Panelistas de la segunda jornada del congreso.

Las discusiones del Congreso

Resúmen de la segunda jornada del Congreso de Cultura y Desarrollo y del lanzamiento del Plan Decenal de Cultura de Bogotá

2011/11/26

Por revistaarcadia.com

Día dos

El segundo día del Congreso de Cultura y Desarrollo estuvo marcado por el debate. El primer panel, moderado por la especialista en planeación social, Clara Mónica Zapata, reunió a los secretarios de cultura de Bogotá, Catalina Ramírez; Medellín, Luis Miguel Úsuga, Cali, Carlos Alberto Rojas, Barranquilla, Diana Acosta, y Manizales, Carolina Vásquez, quienes hablaron sobre sus experiencias en gestión de políticas culturales.

Uno de los temas de discusión fue el del presupuesto de las Secretarías. Mientras que el de Bogotá llega a los 60 mil millones de pesos anuales –si de deja por fuera el área de educación y deporte–, el de Medellín alcanza los 74 mil millones, más 25 mil destinados a la construcción de Parques Bibliotecas, y el de Barranquilla entre 5 mil y 6 mil millones. “El presupuesto de Medellín es histórico –aseguró Úsuga– porque nosotros en el sector cultural nos tomamos el poder”. Los secretarios concordaron en que la inversión del sector privado es necesaria. “En Barranquilla decidimos que las fiestas públicas no deben ser financiadas por el Estado”, comentó Acosta.

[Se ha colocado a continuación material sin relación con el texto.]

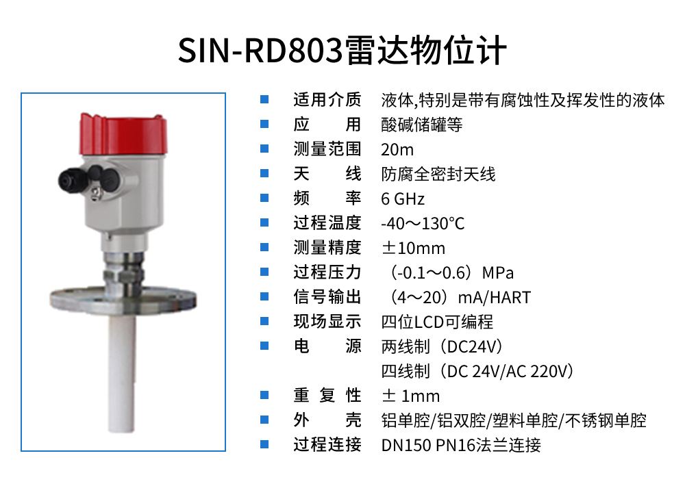 您的位置:首頁 > 雷達(dá)液位計(jì) → SIN-RD803T雷達(dá)物位計(jì)_適用于帶有腐蝕性及揮發(fā)性的液體_

El secretario de Cali habló sobre la participación ciudadana y la diversidad que es, sin duda, la base fundamental para un plan cultural. “Cali ha trabajado mucho con el tema afro y una población tan numerosa como la afro exige una política”, dijo Rojas. Justamente, otra de las discusiones de la jornada giró en torno a las acciones afirmativas frente a las minorías y grupos en condición de vulnerabilidad.

Para Ramírez, las acciones afirmativas son “medidas transitorias que buscan disminui las brechas y generar una transformación de los estereotipos sociales”. Algo distinto opinó Rojas para quien conceptos como “vulnerabilidad” y “minorías” no caben en una política cultural entendida como un ejercicio de derechos. Se trata, en cambio, de cómo la política cultural asume las particularidades de un grupo. En eso estuvo de acuerdo Acosta: “Si hablamos de inclusión no podemos encasillar”. Úsuga enfatizó en que las acciones afirmativas encuentran obstáculos para llevarse a cabo debido a la falta de un plan nacional de cultura. Para él es urgente la articulación de los planes locales en este tipo de discusiones. “Necesitamos un guión nacional que nos respalde y nos permita gestionar leyes”, concluyó.

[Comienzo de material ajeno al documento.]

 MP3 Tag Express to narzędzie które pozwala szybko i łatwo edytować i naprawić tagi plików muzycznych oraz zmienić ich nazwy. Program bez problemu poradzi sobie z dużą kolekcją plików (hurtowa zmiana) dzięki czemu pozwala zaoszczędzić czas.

El panel finalizó con la pregunta sobre cómo medir el impacto de los planes culturales. En este punto hubo consenso: la participación ciudadana y los indicadores son la fórmula para la medición.

El debate continuó por cuenta del psicólogo Germán Rey quien habló sobre cómo la cultura, más allá de ser una herramienta o un lujo, está empezando a ser un elemento clave para la gestión pública. “El tema cultural forma parte integral del proyecto político que un grupo de ciudadanos plantea para el proyecto de ciudad. Después de seis gobiernos, Bogotá ha podido acentuar el tema cultural y saber qué quiere la ciudad en términos de cultura”. Rey retomó uno de los asuntos tratados durante la jornada: un plan no es una camisa de fuerza, por el contrario, la cultura en una red de significados que merece ser descifrada y un plan es un intento de desciframiento. “Un plan es el producto de una discusión social. Es una conversación”, subrayó.

Muy en sintonía con lo dicho por Rey estuvieron las recomendaciones que los especialistas Carlos Villaseñor, Lucina Jiménez y Mónica Lacarrieu hicieron al Plan Decenal. Reconsiderar el sentido de territorio desde una perspectiva global, escuchar a la ciudadanía, fomentar las competencias y asumir que se está actuando desde el terreno político fueron algunas de las sugerencias de Jiménez. Lacarrieu, por su parte, señaló la importancia de los procesos y Villaseñor resaltó la importancia de haber logrado un acuerdo para los próximos diez años.

Al cierre del Congreso, la secretaría Catalina Ramírez presentó sus conclusiones: “Nos hemos escuchado, hemos disentido y hemos dialogado a partir de nuestras diferencias. Eso nos ayuda a construir una identidad como nación”. Finalmente, Ramírez recordó la necesidad de que el Plan Decenal entre en conversación con otros sectores y áreas del conocimiento. “Necesitamos buscar aliados, Necesitamos la vinculación de la sociedad civil y de los privados para encontrar esos espacios de diálogo”.